Wynn Mayfair, a prominent casino operated by Wynn Resorts is also located on Curzon Street.

==In literature==

- Oscar Wilde mentions the street in four of his works. In The Picture of Dorian Gray, Lord Henry Wotton lives on Curzon Street; in Lady Windermere's Fan, the notorious Mrs. Erlynne lives at 84A Curzon Street; in "Lord Arthur Savile's Crime", Lady Clementine Beauchamp lives on Curzon Street; and in An Ideal Husband, Lord Goring lives on Curzon Street.
- In the Sherlock Holmes story "The Adventure of Shoscombe Old Place", Holmes' friend Dr. Watson mentions Curzon Street as the location of the moneylender Sam Brewer.
- Roald Dahl's character Henry Sugar lives on Curzon Street, and causes a disturbance by throwing large amounts of money down into the street from his balcony.
- In Vanity Fair by William Makepeace Thackeray, Rawdon and Rebecca Crawley live in a very small comfortable house in Curzon Street.
- In "Mrs. Packletide's Tiger" by Saki, the wealthy Mrs.

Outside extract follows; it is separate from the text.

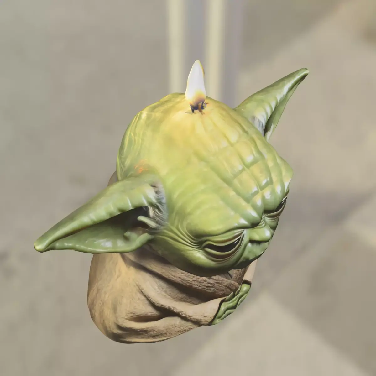 High-quality 3D bust model of a Yoda shaped candle, designed with detailed robes, large ears, and a stylized appearance. This model is ideal as a collectible prop, decorative figure, or NPC character for popular games such as The Sims, Skyrim, Fortnite, and Minecraft mods. Delivered in multiple formats (OBJ, FBX, STL, DAE, PLY, GLB, Blender), it is optimized for use in Unity and Unreal Engine projects. Additionally, the model is prepared for 3D printing, making it suitable for physical figures, collectibles, and fan-made displays.
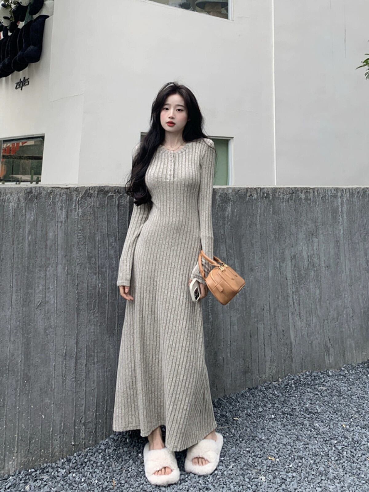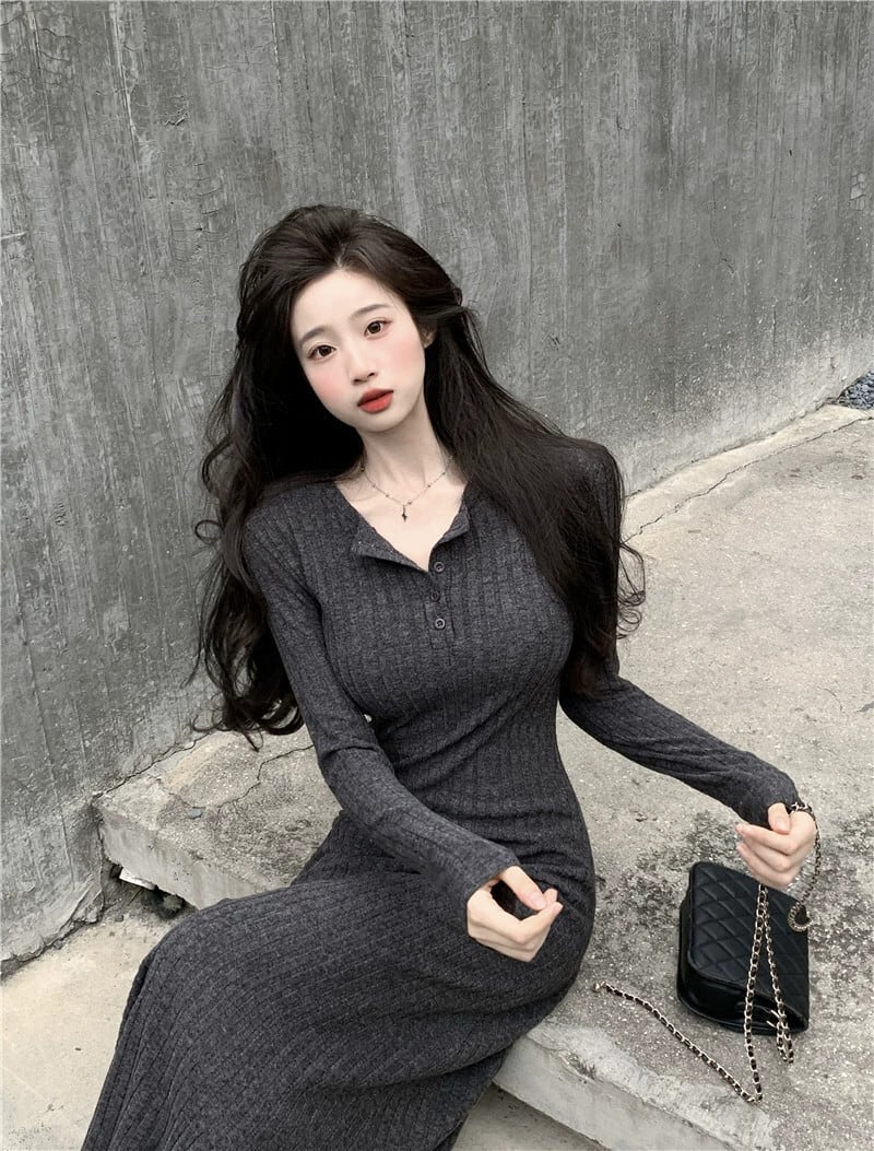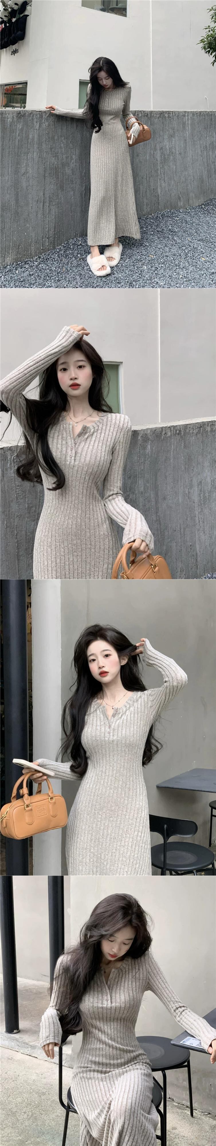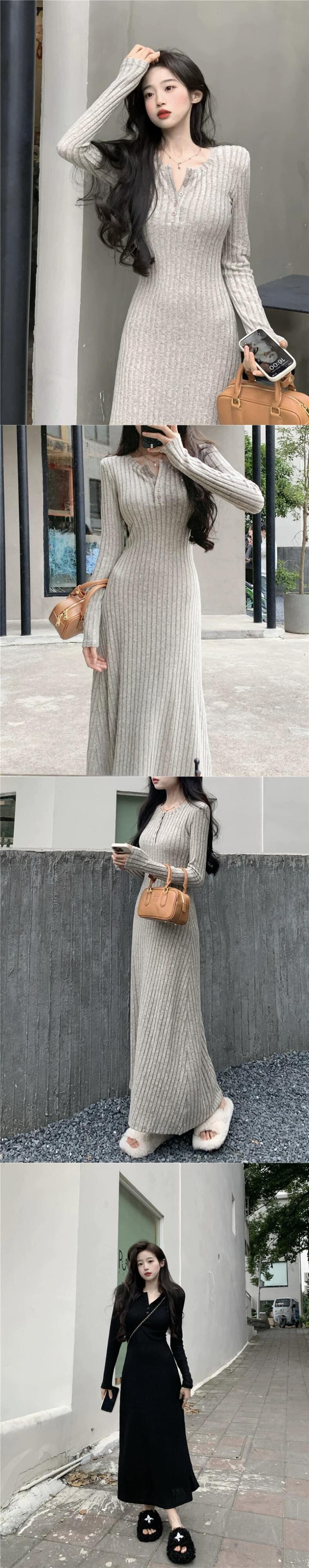 フレンチニットドレスの女性の秋と冬 2023 新しいスタイルラペルウエスト痩身ミッドレングス長袖ボトスカート ロング オータム 秋物 ウィンター 冬物 missk43907979698

Packletide has a house on Curzon Street.
- The street is the location of the Junior Ganymede Club in P. G. Wodehouse's Jeeves and Wooster series of books (notably The Code of the Woosters).
- In Orlando: A Biography by Virginia Woolf, Orlando has a house on Curzon Street in the late 19th century.
- In The Mystery of the Blue Train by Agatha Christie, Ruth and Derek Kettering live on Curzon Street.
- In Katherine Mansfield's short story "A Cup of Tea", Curzon Street is mentioned.
- In Tinker Tailor Soldier Spy by John Le Carré, Curzon Street is the location of Heywood Hill's bookshop where George Smiley buys and sells rare books.
- In Dennis Wheatley's Duke de Richleau series, the Duke has a flat on Curzon Street.
- Curzon Street is mentioned in Van Morrison's song "He Ain't Give You None".
- In Tiny Carteret (1930) by H. C. McNeile, the eponymous character lives in a service flat on Curzon Street.
- in Long Lost (2009) by Harlan Coben, Lock-Horne Investments (Company owned by one of the characters Windsor "Win" Horne Lockwood III) has offices on Curzon Street.
- In Penny Vincenzi's trilogy The Spoils of Time, the fictional Earl and Countess of Beckingham own a house on Curzon Street.